:: Exercise details ::
Among the lines below, keep only those from the one containing "The Klein sofa" through the one containing "Что за рожа", and reproduce them exactly.

:: Provided material ::
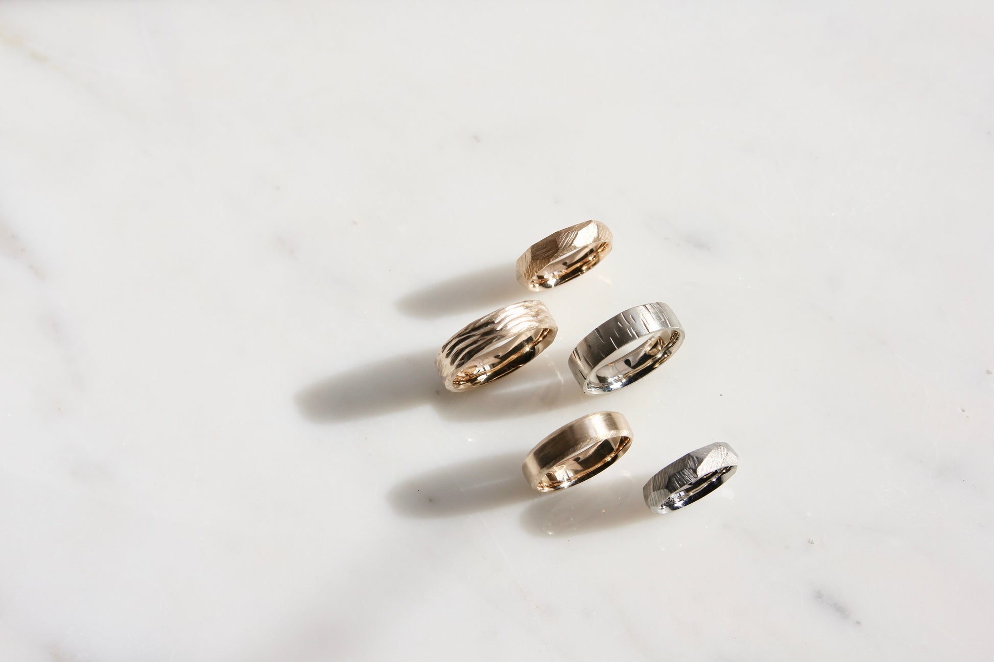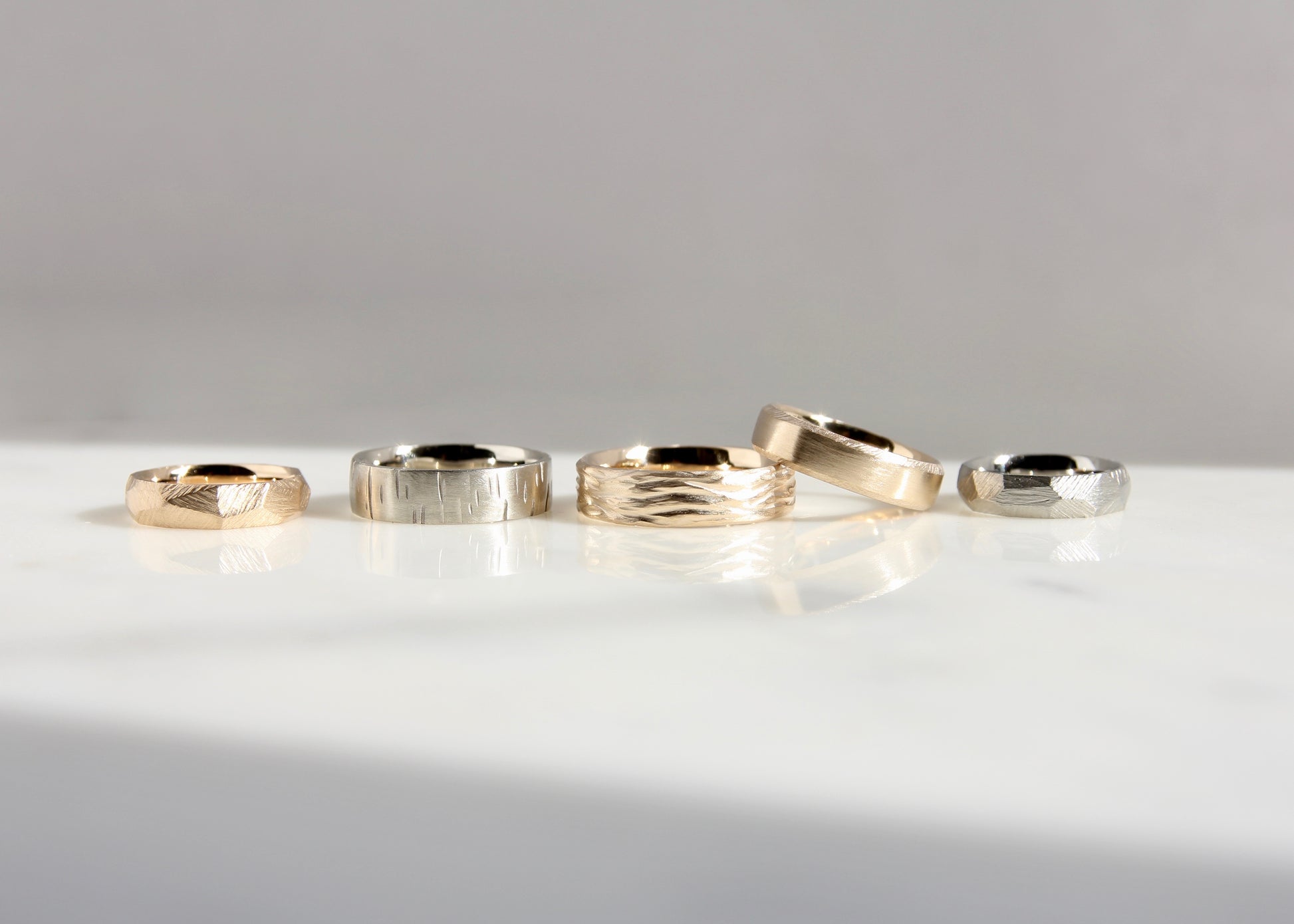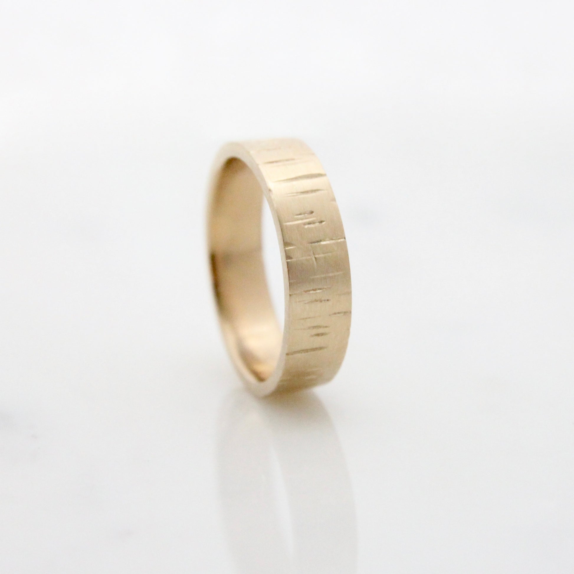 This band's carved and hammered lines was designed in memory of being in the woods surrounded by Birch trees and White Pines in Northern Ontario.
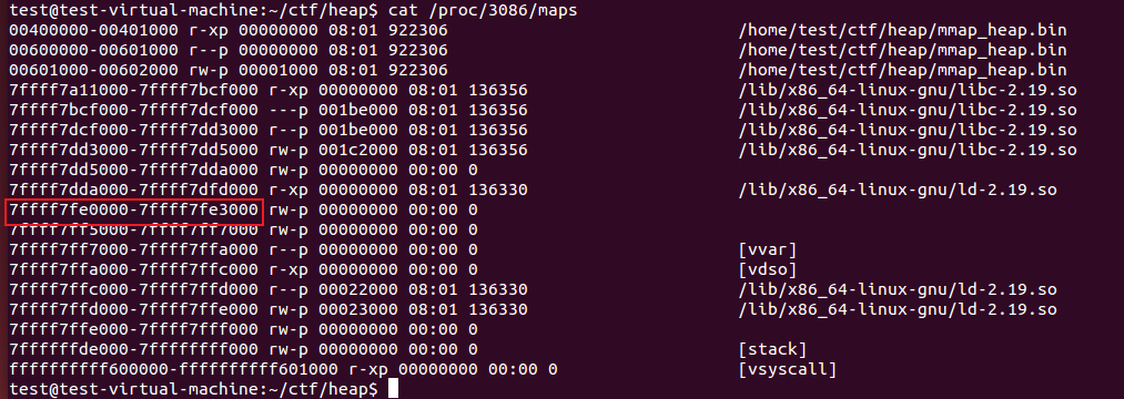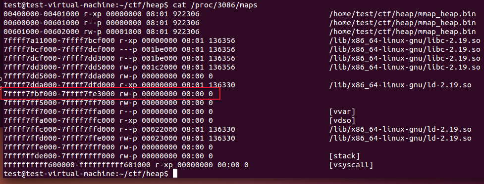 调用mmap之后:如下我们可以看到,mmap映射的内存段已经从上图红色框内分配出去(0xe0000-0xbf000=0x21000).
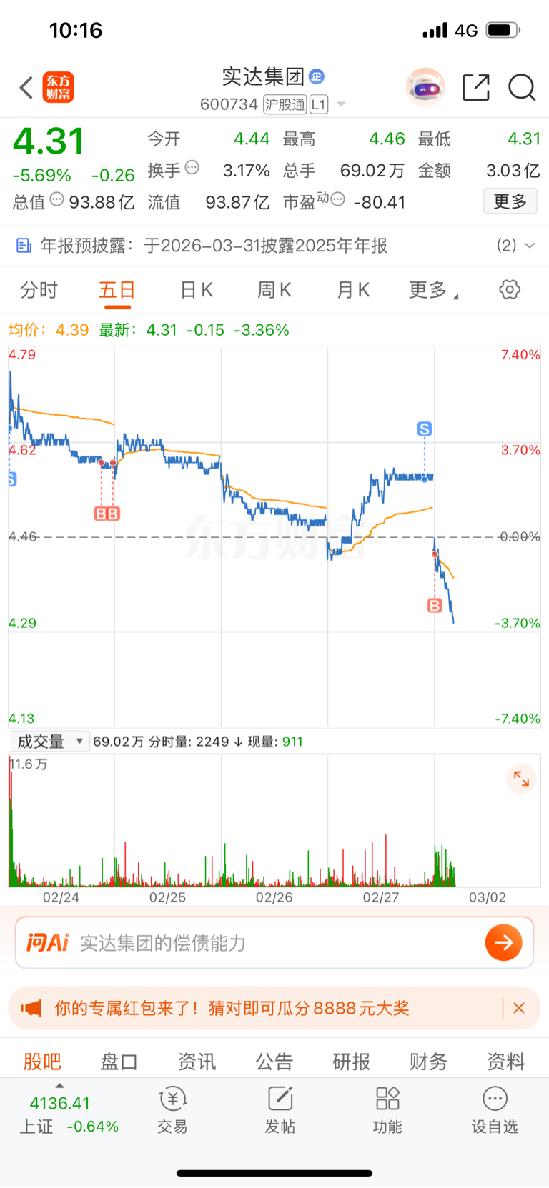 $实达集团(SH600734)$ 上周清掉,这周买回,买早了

...

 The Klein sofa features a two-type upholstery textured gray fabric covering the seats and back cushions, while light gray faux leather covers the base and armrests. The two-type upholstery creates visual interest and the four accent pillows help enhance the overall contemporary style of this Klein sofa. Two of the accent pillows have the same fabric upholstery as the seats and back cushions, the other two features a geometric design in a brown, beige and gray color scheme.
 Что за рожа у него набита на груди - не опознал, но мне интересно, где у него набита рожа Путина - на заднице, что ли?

:: Output of the task ::
 The Klein sofa features a two-type upholstery textured gray fabric covering the seats and back cushions, while light gray faux leather covers the base and armrests. The two-type upholstery creates visual interest and the four accent pillows help enhance the overall contemporary style of this Klein sofa. Two of the accent pillows have the same fabric upholstery as the seats and back cushions, the other two features a geometric design in a brown, beige and gray color scheme.
 Что за рожа у него набита на груди - не опознал, но мне интересно, где у него набита рожа Путина - на заднице, что ли?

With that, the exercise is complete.